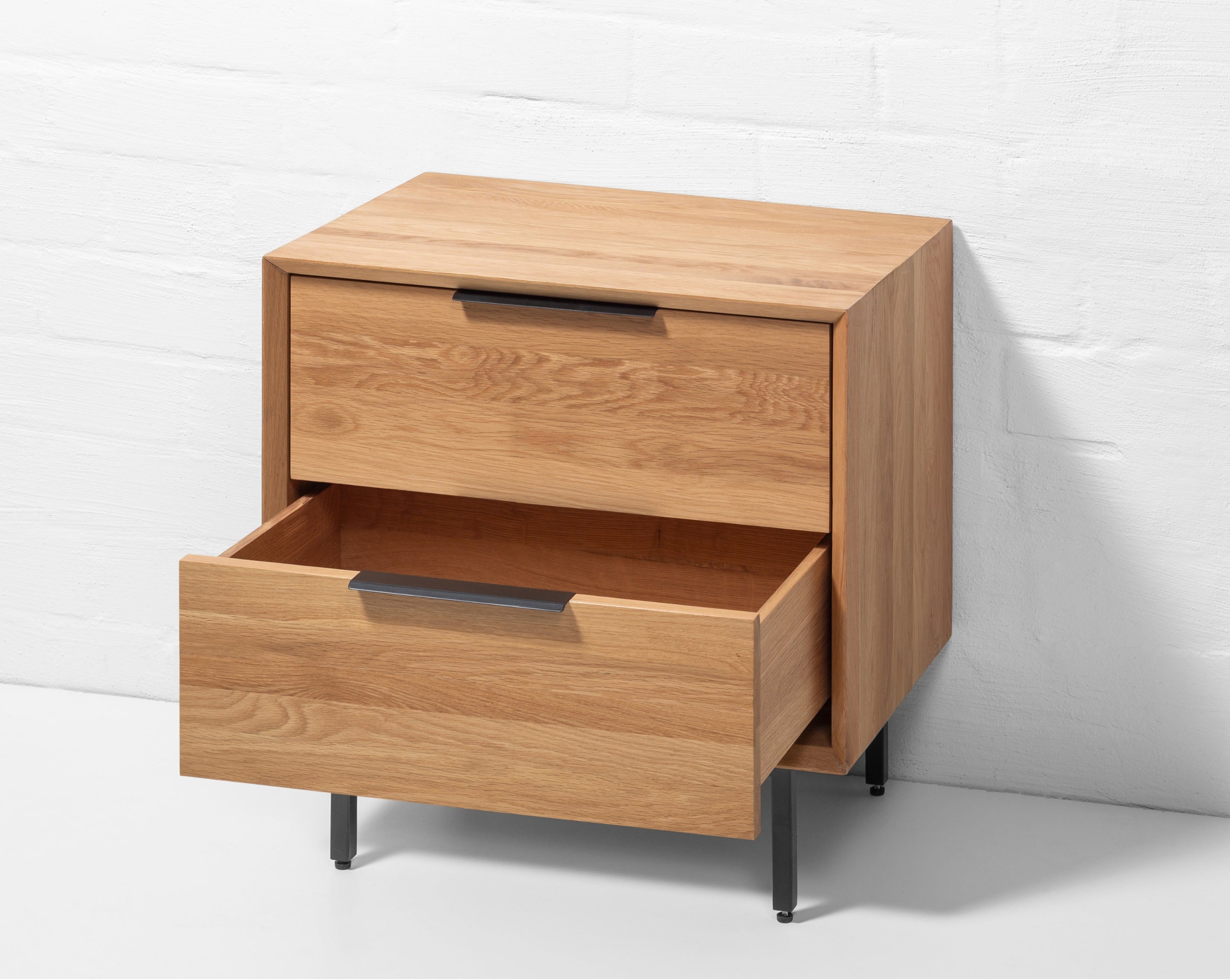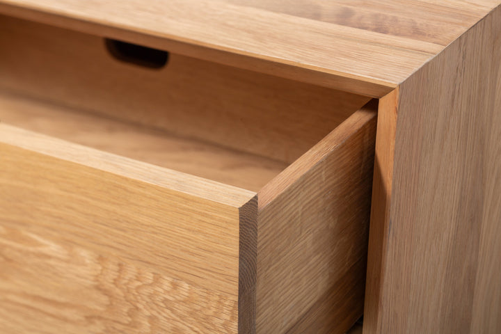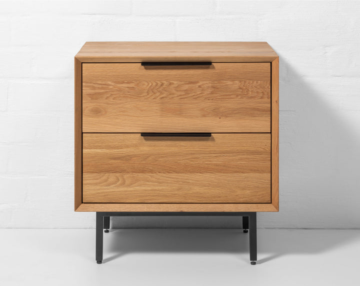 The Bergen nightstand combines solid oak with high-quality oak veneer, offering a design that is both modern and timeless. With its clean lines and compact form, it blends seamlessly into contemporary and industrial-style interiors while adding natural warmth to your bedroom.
* * *
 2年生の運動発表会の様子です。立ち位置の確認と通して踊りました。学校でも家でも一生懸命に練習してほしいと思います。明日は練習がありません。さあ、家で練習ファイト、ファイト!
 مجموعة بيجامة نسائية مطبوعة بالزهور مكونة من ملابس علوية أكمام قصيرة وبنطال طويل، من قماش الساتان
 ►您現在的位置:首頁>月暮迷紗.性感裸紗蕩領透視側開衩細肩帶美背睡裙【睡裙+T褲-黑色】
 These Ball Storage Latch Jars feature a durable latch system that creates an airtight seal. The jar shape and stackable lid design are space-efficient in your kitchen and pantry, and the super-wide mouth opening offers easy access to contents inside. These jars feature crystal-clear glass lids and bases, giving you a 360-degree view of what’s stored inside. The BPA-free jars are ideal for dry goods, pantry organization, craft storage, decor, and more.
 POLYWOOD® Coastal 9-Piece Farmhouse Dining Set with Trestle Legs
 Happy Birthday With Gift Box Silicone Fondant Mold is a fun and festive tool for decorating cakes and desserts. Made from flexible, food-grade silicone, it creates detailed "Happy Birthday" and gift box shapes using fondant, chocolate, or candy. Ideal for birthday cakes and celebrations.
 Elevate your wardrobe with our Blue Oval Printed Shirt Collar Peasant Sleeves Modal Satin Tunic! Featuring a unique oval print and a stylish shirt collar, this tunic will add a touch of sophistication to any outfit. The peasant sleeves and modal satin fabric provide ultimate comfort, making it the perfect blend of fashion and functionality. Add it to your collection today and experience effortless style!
* * *
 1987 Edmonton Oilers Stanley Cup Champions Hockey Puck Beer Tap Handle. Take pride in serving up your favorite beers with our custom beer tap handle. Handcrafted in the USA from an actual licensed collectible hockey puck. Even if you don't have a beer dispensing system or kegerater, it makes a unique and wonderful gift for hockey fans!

What needs to be done
Send back exactly the lines of the listing above starting at the one with "Happy Birthday With" and ending at the one with "Elevate your wardrobe", inclusive, and no others.

Written response
 Happy Birthday With Gift Box Silicone Fondant Mold is a fun and festive tool for decorating cakes and desserts. Made from flexible, food-grade silicone, it creates detailed "Happy Birthday" and gift box shapes using fondant, chocolate, or candy. Ideal for birthday cakes and celebrations.
 Elevate your wardrobe with our Blue Oval Printed Shirt Collar Peasant Sleeves Modal Satin Tunic! Featuring a unique oval print and a stylish shirt collar, this tunic will add a touch of sophistication to any outfit. The peasant sleeves and modal satin fabric provide ultimate comfort, making it the perfect blend of fashion and functionality. Add it to your collection today and experience effortless style!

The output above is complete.